- North American arcade flyer
- Developer: Gaelco
- Publishers: ArcadeEU: Gaelco; NA: Atari Games; JP: SNK; Infogrames (PlayStation)
- Director: Josep Quingles
- Programmers: Alexander Ekjanov Diego Campos Enric Vives
- Artists: Toni López Yeste Xavier Arrebola G. Xavier Fradera
- Composer: Joan Sanmarti
- Platforms: Arcade, PlayStation, Evercade
- Release: ArcadeEU: March 1998; NA: June 1998; JP: December 1998; PlayStationEU: June 23, 1999; EvercadeNA: May 31, 2023;
- Genres: Action, racing
- Modes: Single-player, multiplayer
- Arcade system: Gaelco 3D Hardware

= Radikal Bikers =

1998 video game

Radikal Bikers is a racing arcade game developed by Spanish company Gaelco in 1998, with a conversion for PlayStation developed by Bit Managers released in Europe in 1999. The spiritual successor to this game was Smashing Drive.

==Gameplay==

Arcade version screenshot

Radikal Bikers is set in a Mediterranean environment, and is based on delivering pizza on a rare Italian scooter called Italjet Dragster in heavy traffic before the AI opponent does, while getting points. The arcade version has three difficulty levels, which correspond to each of the different places: Margherita (easy, set in Milan), Capricciosa (medium, set in Rome), and Diabola (hard, set in Naples). If the player beats all four races in a level, they can play the next level free.
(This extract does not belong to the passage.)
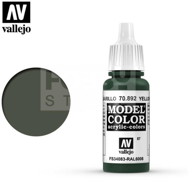 Vallejo Model Color Yellow Olive akrilfesték 70892 Magas pigmenttartalmú vízbázisú akrilfesték ecsettel történő használatra. A Vallejo Model Color széria nagyon kiterjedt magába foglalva az alapvető árnyalatokat, valamint számos történelmi színt illetve jármű és repülőgépek modellekhez használt katonai színek. Speciális effektek eléréséhez megtalálható a palettán f
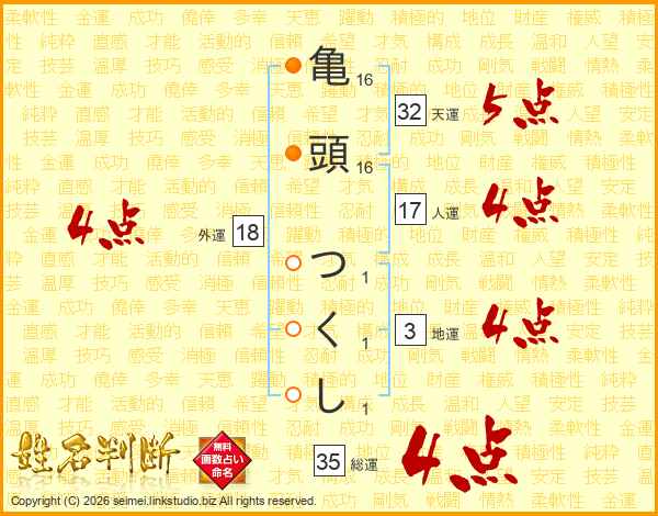 亀頭つくしさんの総運は35画の4点!

The PlayStation version includes four more locations on top of the original three as part of the extended Radikal mode: Marinara (set in Venice), Fantasia (set in Paris), Reggiana (set in London) and Americana (set in New York)

===Points===
- Win one race - +50000 (Arcade) / Up to +10000 (Radikal);
- Get Power-up - +1000 (Arcade) / +100 (Radikal) each;
- Power Kick destructions - +1000 (Arcade) / +100 (Radikal) each;
- Grabbing an Extra Point Power-up - +3000 (Arcade) / +400 (Radikal) each;
- Grabbing a bad Power-up - -100 each.

===Power-ups===
- Turbo - Indicated by the letter "T", which gives the High Speed, which is incompatible with Power Kick;
- Power Kick - Indicated by the "bomb", which allows you to blow up cars by kicking them in the side for points, and is also incompatible with Turbo;
- Extra Points - Indicated by "+$", which gives a bonus of 3000 points in Arcade Mode, or 400 points in Radikal Mode;
- Extra Time - Indicated by the "hourglass", which gives +1 second of time;
- The Joker - Indicated by the "?", which gives a Random power-up or extra points, which is actually based on its position and the biker you choose.

===Characters===
On the Arcade version are:
- Carlo - From "Paolo's Maniak Pizza";
- Gino - From "Frenzy Mario Pizza", but is present in the PlayStation version with the new name Paolo;
- Nina - From "Paolo's Maniak Pizza", but is present in the PlayStation version (under different clothes and complexion) with the name Mbelle;
- Sofia - From "Frenzy Mario Pizza", she is also present in the PlayStation version of the game.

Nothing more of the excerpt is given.